The velvet seats are comfortable and both the sound and picture are of the highest possible quality, having been upgraded to digital and with no less attention paid on the standard of the equipment behind the scenes than the interior. Yorck might not have been the first chain to go digital in Germany, but still maintain a quality of presentation that is exemplary.
Smaller distributors sometimes grumble about the strong grip that Yorck exerts on the independent and art-house market in Berlin, sometimes, it is alleged, at the expense of programming of smaller independent cinemas. However it also guarantees solid programming of the best art-house fare, even as nominally art-house operators like Picturehouse and Everyman in the United Kingdom increasingly also program the latest James Bond and Star Wars installments. On my visit it was “Vor der Morgenröt” about author Stefan Zweig’s exile in the Americas, playing in its third week.
Each film is preceded by trailers for operas and classical music concerts.
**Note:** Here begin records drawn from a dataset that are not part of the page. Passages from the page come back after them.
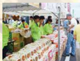
刃物まつり出店販売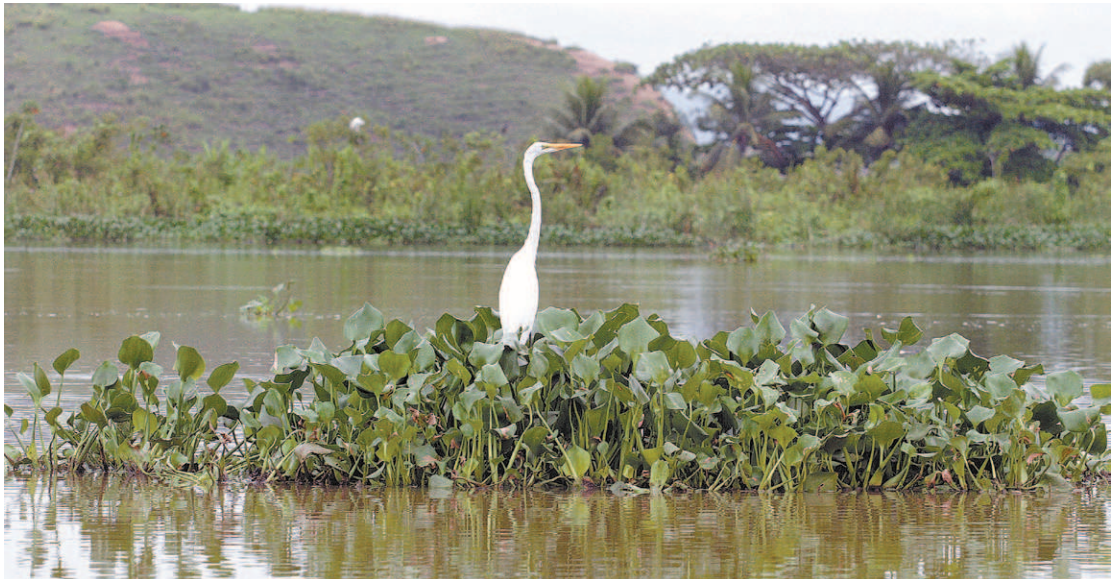
A Bacia do Rio Guandu receberá obras para evitar que lançamento de esgoto sem tratamento continue

presa, segundo o diretor-presidente da Águas do Rio, já está em funcionamento e foi implantado nesses primeiros dois meses de assinatura do contrato.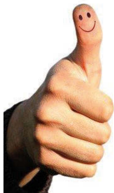
Einfach Spitze! Die MSH!

Sie können auch einen Schnupperkurs buchen, um zu testen, welches Instrument am besten zu Ihnen oder Ihrem Kind passt. Fragen Sie uns, wir beraten Sie gerne! Tel. 07249-1859. Mail: sekretariat@musikschule-hardt.de. Allgemeine Informationen und die Gebührenordnung finden Sie unter: www.musikschule-hardt.de .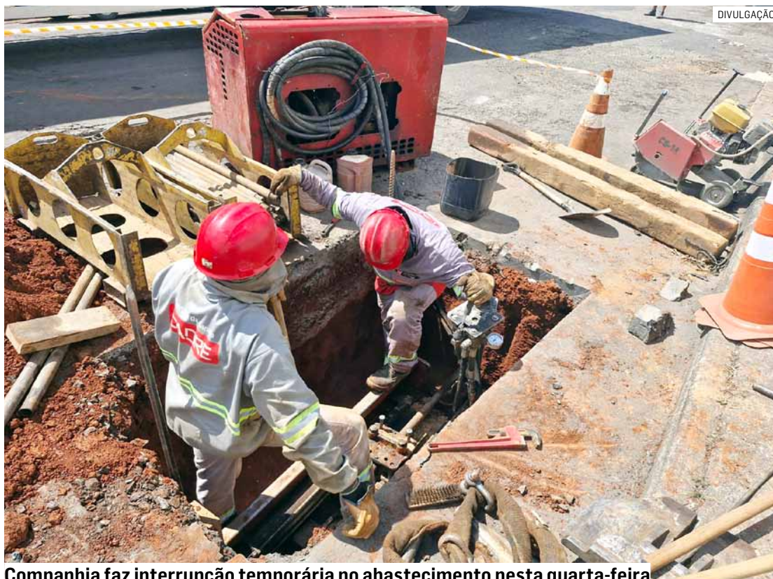
Companhia faz interrupção temporária no abastecimento nesta quarta-feira

A iniciativa faz parte de um projeto abrangente de

Not event cinema live projections of these, mind you, but the actual events themselves. This is the power of programming a network of 11 premiere art-house screens in one of the main cultural capitals of Europe. The film had a good turn out, even for an art-house hit, given that it was the middle of the week, several weeks into its run.
Kino International is obviously keen to protect its image – hence the draconian ‘no photography’ blanket ban. But for all its retro ‘Verboten’ inclinations, it cannot also help being part of the anarchic and bohemian alternative Berlin. After the film we did not stay for a drink but headed across the road to the no-less retro Babette Bar, which used to be a cosmetic shop in GDR days, but today is a trendy hangout for the hipsters of the Friedrichshain neighbourhood.
At the end of the evening we managed to successfully smuggle our digital camera roll, concealed inside a ‘mobile telephone’, past the Checkpoint Charlie museum in Mitte and back into western Berlin to share with you this Crown Jewel of a cinema on the other side.